--- Exercise details ---
Keeping every word the same, give again only the lines from the one with "- Über die Registerkarten" through the end of the data, both included, and leave every picture out.

--- Source data ---
::::

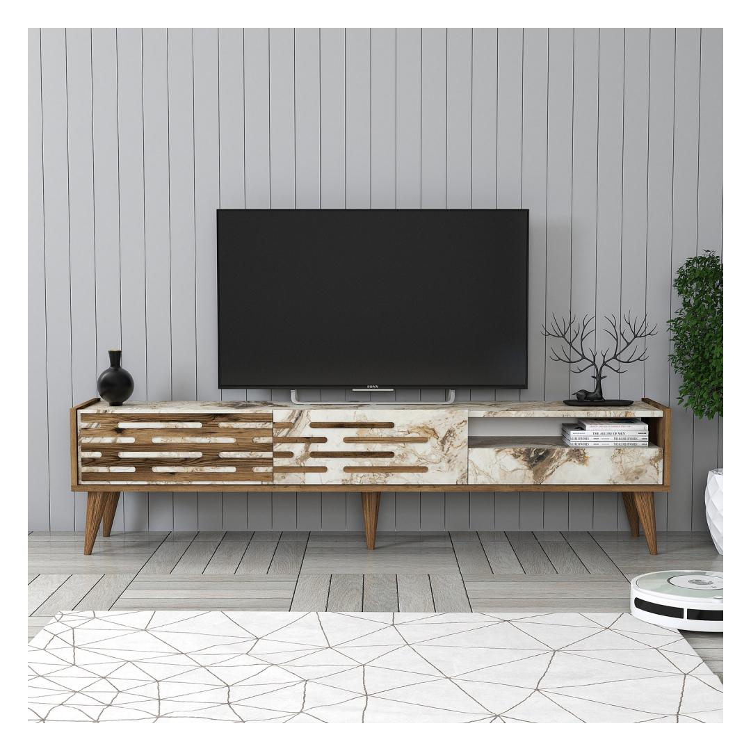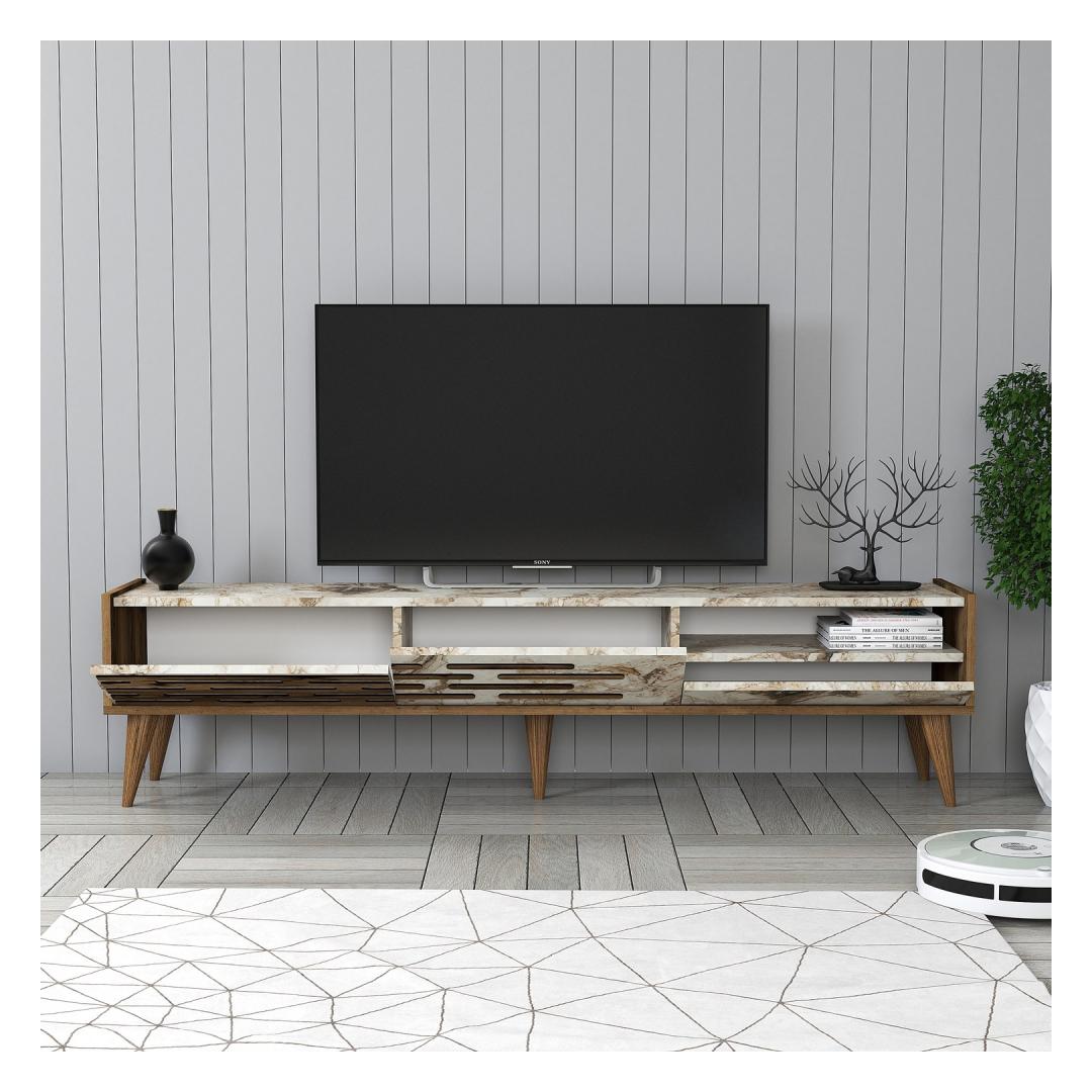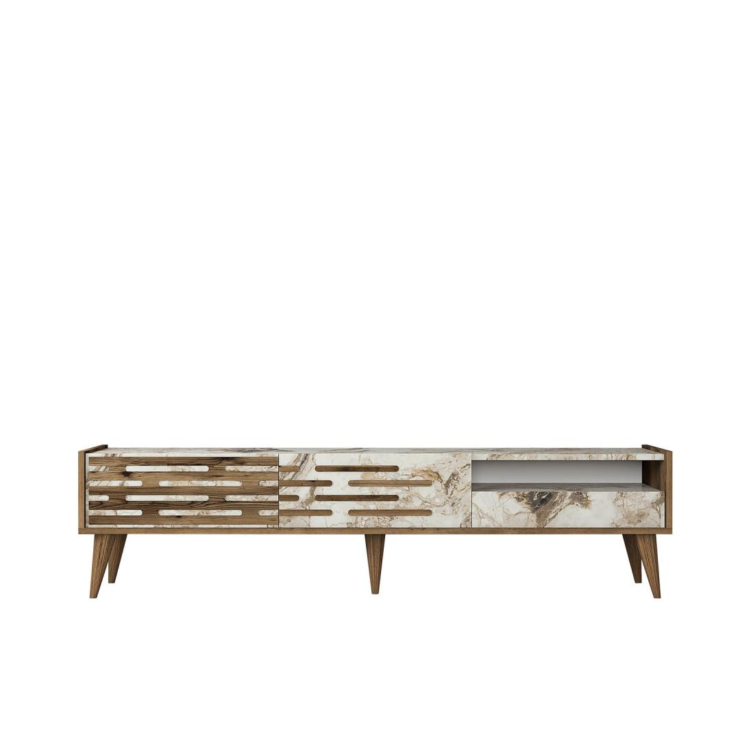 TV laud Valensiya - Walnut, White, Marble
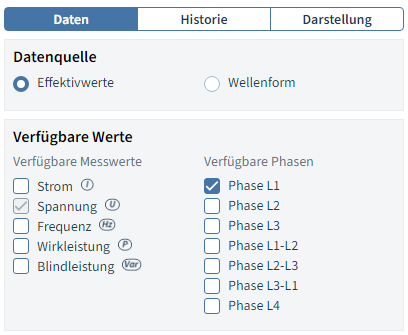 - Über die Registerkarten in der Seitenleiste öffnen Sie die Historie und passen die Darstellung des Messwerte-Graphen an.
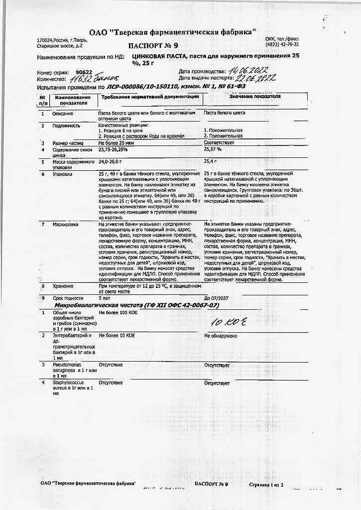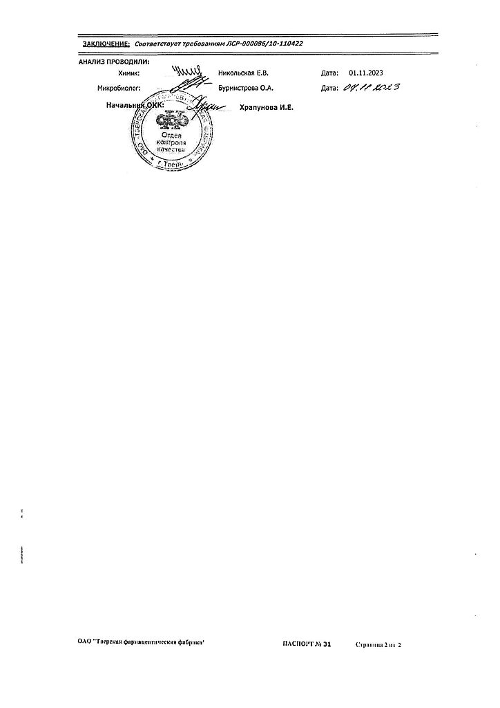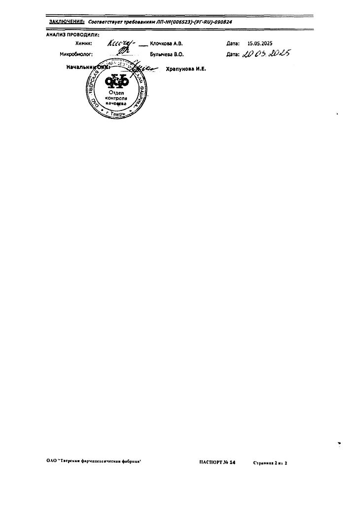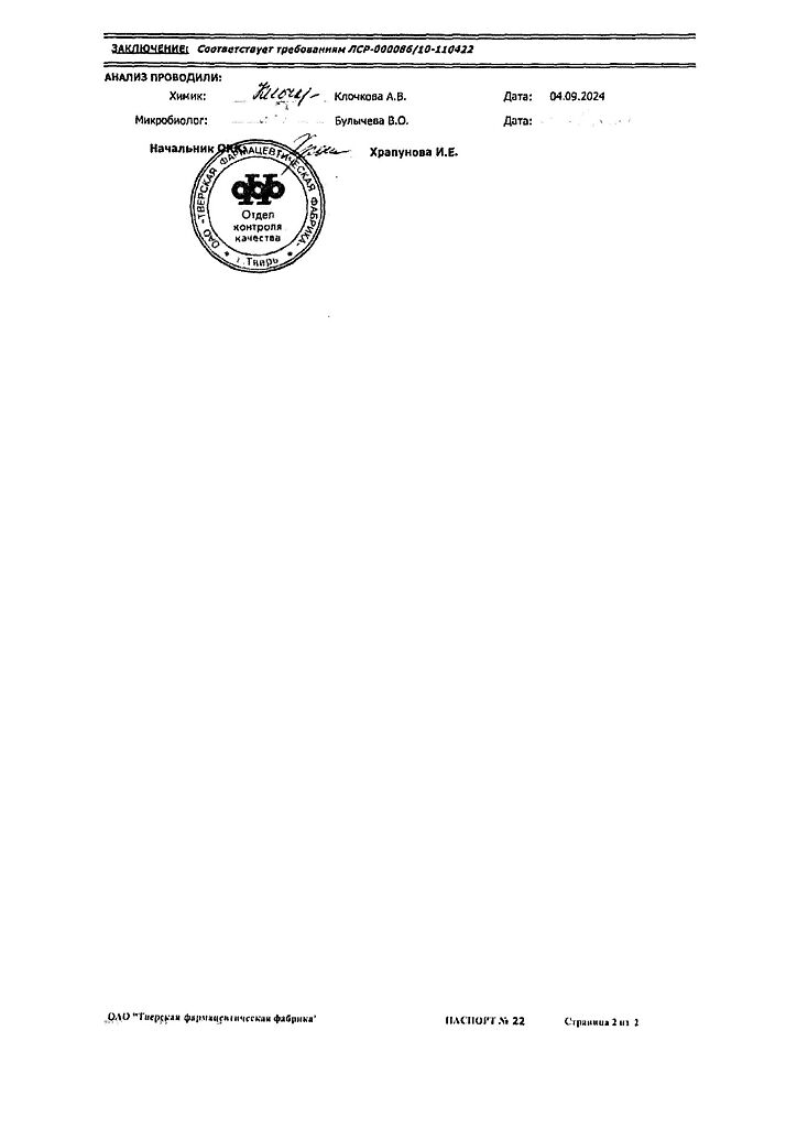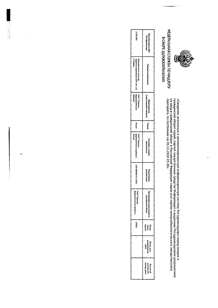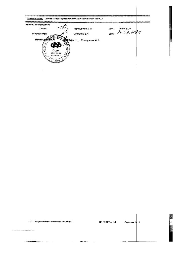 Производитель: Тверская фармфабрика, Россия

::::

--- Answer area ---
 - Über die Registerkarten in der Seitenleiste öffnen Sie die Historie und passen die Darstellung des Messwerte-Graphen an.
 Производитель: Тверская фармфабрика, Россия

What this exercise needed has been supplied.